The Merger Agreement may be terminated, subject to the terms and conditions of the Merger Agreement: (i) by mutual written agreement of Parent and the Company, (ii) by either Parent or the Company, if a governmental injunction or other legal restraint in certain jurisdictions prevents the consummation of the Merger, (iii) by either Parent or the Company, if the requisite vote of the Company’s stockholders has not been obtained or (iv) by either Parent or the Company upon the other party’s uncured material breach of any representation, warranty, covenant or agreement under the Merger Agreement. The Merger Agreement may also be terminated by the Company to enter into an agreement with respect to a superior proposal, subject to specified conditions, and by Parent, if the Board changes its recommendation regarding the Merger, the Board’s recommendation is not included in the Company’s proxy statement for the Merger, or the Board fails to reaffirm its recommendation in response to an alternative acquisition proposal. In addition to the foregoing termination rights, and subject to certain limitations, either party may terminate the Merger Agreement if the Merger is not consummated by January 30, 2022.
If the Merger Agreement is terminated under certain circumstances specified in the Merger Agreement, the Company will be required to pay Parent a termination fee of $19,774,000 (including under specified circumstances in connection with the Company’s entry into an agreement with respect to a superior proposal).
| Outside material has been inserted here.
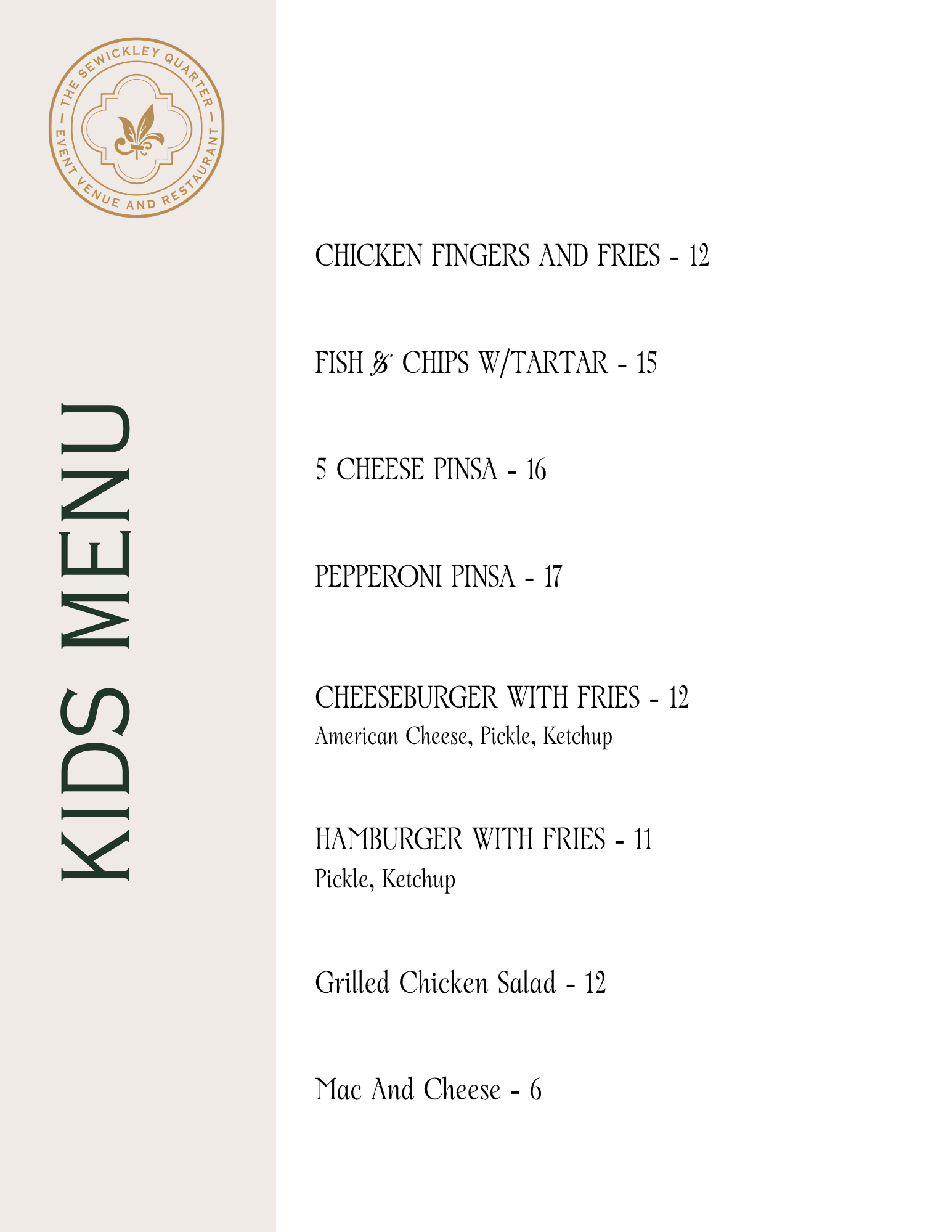 New Summer Kids Menu

The foregoing description of the Merger Agreement does not purport to be complete and is qualified in its entirety by reference to the Merger Agreement, a copy of which is filed as Exhibit 2.1 hereto and is incorporated herein by reference.
The Merger Agreement has been included to provide investors and stockholders with information regarding its terms. It is not intended to provide any other factual information about the Company, Parent, the Merger Sub or their respective subsidiaries and affiliates. The Merger Agreement contains representations and warranties by the Company, on the one hand, and Parent and the Merger Sub, on the other hand, made solely for the benefit of the other. The assertions embodied in those representations and warranties are subject to qualifications and limitations agreed to by the respective parties in negotiating the terms of the Merger Agreement, including information in confidential disclosure schedules delivered in connection with the signing of the Merger Agreement. Moreover, certain representations and warranties in the Merger Agreement were made as of specified dates, may be subject to a contractual standard of materiality different from what might be viewed as material to investors, or may have been used for the purpose of allocating risk between the Company, on the one hand, and Parent and the Merger Sub, on the other hand, rather than establishing matters as facts. Accordingly, the representations and warranties in the Merger Agreement should not be relied on by any persons as characterizations of the actual state of facts about the Company, Parent, the Merger Sub or their respective subsidiaries or affiliates at the time they were made or otherwise. In addition, information concerning the subject matter of the representations and warranties may change after the date of the Merger Agreement, which subsequent information may or may not be fully reflected in the Company’s public disclosures.